Re: wait events for disk I/O

From: Rushabh Lathia <rushabh(dot)lathia(at)gmail(dot)com>
To: Amit Kapila <amit(dot)kapila16(at)gmail(dot)com>
Cc: Michael Paquier <michael(dot)paquier(at)gmail(dot)com>, PostgreSQL Hackers <pgsql-hackers(at)postgresql(dot)org>
Subject: Re: wait events for disk I/O
Date: 2017-03-06 08:27:55
Message-ID: CAGPqQf2-CYrM+dxPoge5Gm_G+QLq-PObbezWyjt=Vs2RsspnMA@mail.gmail.com
Views: Raw Message | Whole Thread | Download mbox | Resend email
Thread:
Lists: pgsql-hackers

On Sat, Mar 4, 2017 at 7:53 PM, Amit Kapila <amit(dot)kapila16(at)gmail(dot)com> wrote:

> On Mon, Feb 20, 2017 at 4:04 PM, Rushabh Lathia
> <rushabh(dot)lathia(at)gmail(dot)com> wrote:
> >
> > My colleague Rahila reported compilation issue with
> > the patch. Issue was only coming with we do the clean
> > build on the branch.
> >
> > Fixed the same into latest version of patch.
> >
>
> Few assorted comments:
>
> 1.
> + <row>
> + <entry><literal>WriteBuffile</></entry>
> + <entry>Waiting during
> buffile read operation.</entry>
> + </row>
>
> Operation name and definition are not matching.
>
>
Will fix this.

>
> 2.
> +FilePrefetch(File file, off_t offset, int amount, uint32 wait_event_info)
> {
> #if defined(USE_POSIX_FADVISE) && defined(POSIX_FADV_WILLNEED)
> int returnCode;
> @@ -1527,8 +1527,10 @@ FilePrefetch(File file, off_t offset, int amount)
> if (returnCode < 0)
> return returnCode;
>
> + pgstat_report_wait_start(wait_event_info);
> returnCode = posix_fadvise(VfdCache[file].fd, offset, amount,
> POSIX_FADV_WILLNEED);
> + pgstat_report_wait_end();
>
> AFAIK, this call is non-blocking and will just initiate a read, so do
> you think we should record wait event for such a call.
>
>
Yes, prefecth call is a non-blocking and will just initiate a read.
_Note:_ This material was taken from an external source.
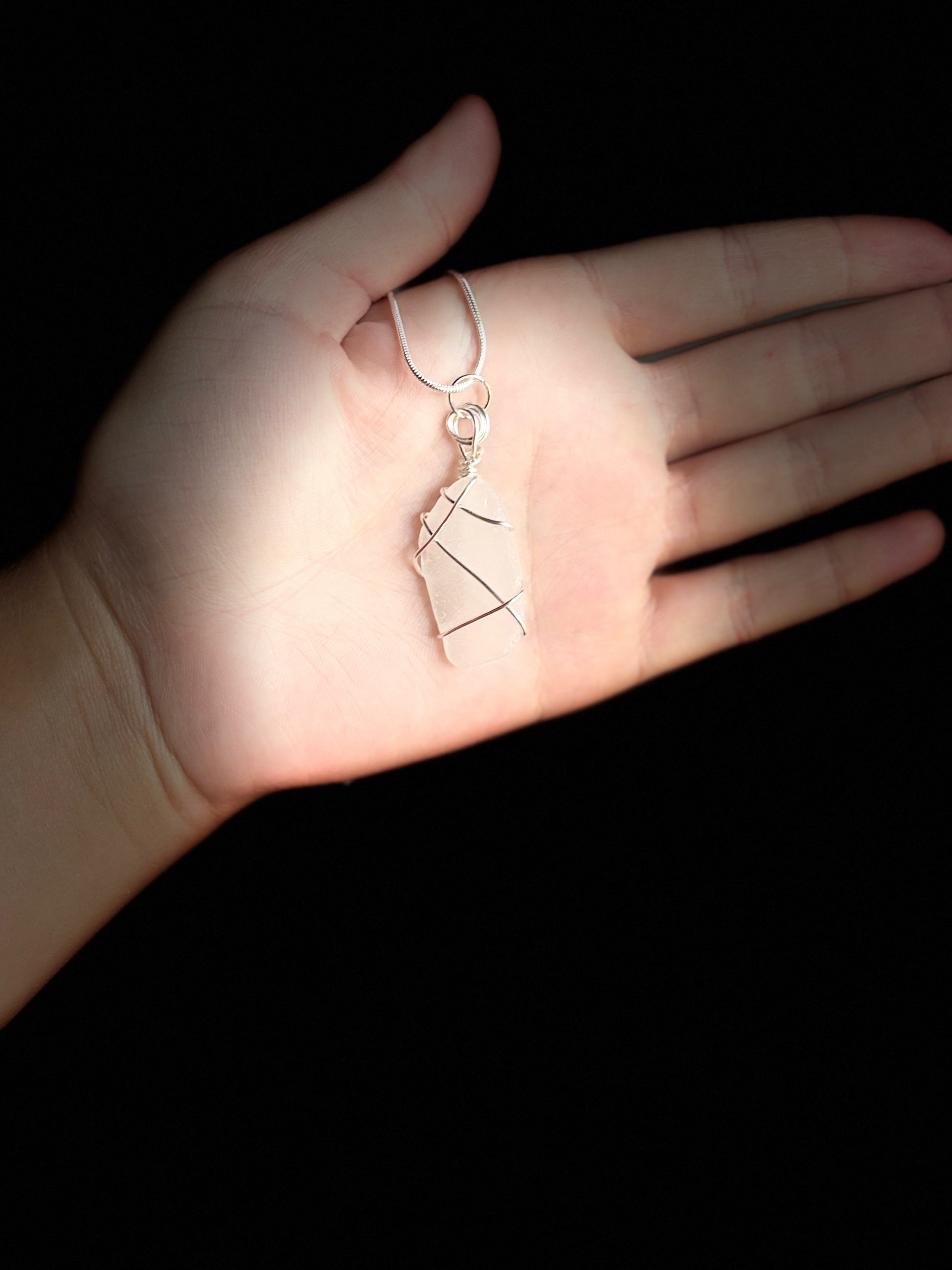 Beach Glass Necklace -White-Large

But
this info
about the prefetch into wait events will give more info about the system.

3.
> - written = FileWrite(src->vfd, waldata_start, len);
> + written = FileWrite(src->vfd, waldata_start, len,
> + WAIT_EVENT_WRITE_REWRITE_DATA_BLOCK);
> if (written != len)
> ereport(ERROR,
> (errcode_for_file_access(),
> @@ -957,7 +960,7 @@ logical_end_heap_rewrite(RewriteState state)
> hash_seq_init(&seq_status, state->rs_logical_mappings);
> while ((src = (RewriteMappingFile *) hash_seq_search(&seq_status)) !=
> NULL)
> {
> - if (FileSync(src->vfd) != 0)
> + if (FileSync(src->vfd, WAIT_EVENT_SYNC_REWRITE_DATA_BLOCK) != 0)
>
>
> Do we want to consider recording wait event for both write and sync?
> It seems to me OS level writes are relatively cheap and sync calls are
> expensive, so shouldn't we just log for sync calls? I could see the
> similar usage at multiple places in the patch.
>
>
Yes, I thought of adding wait event only for the sync but then recording the
wait event for both write and sync. I understand that OS level writes are
cheap but it still have some cost attached to that. Also I thought for the
monitoring tool being develop using this wait events, will have more useful
capture data if we try to collect as much info as we can. Or may be not.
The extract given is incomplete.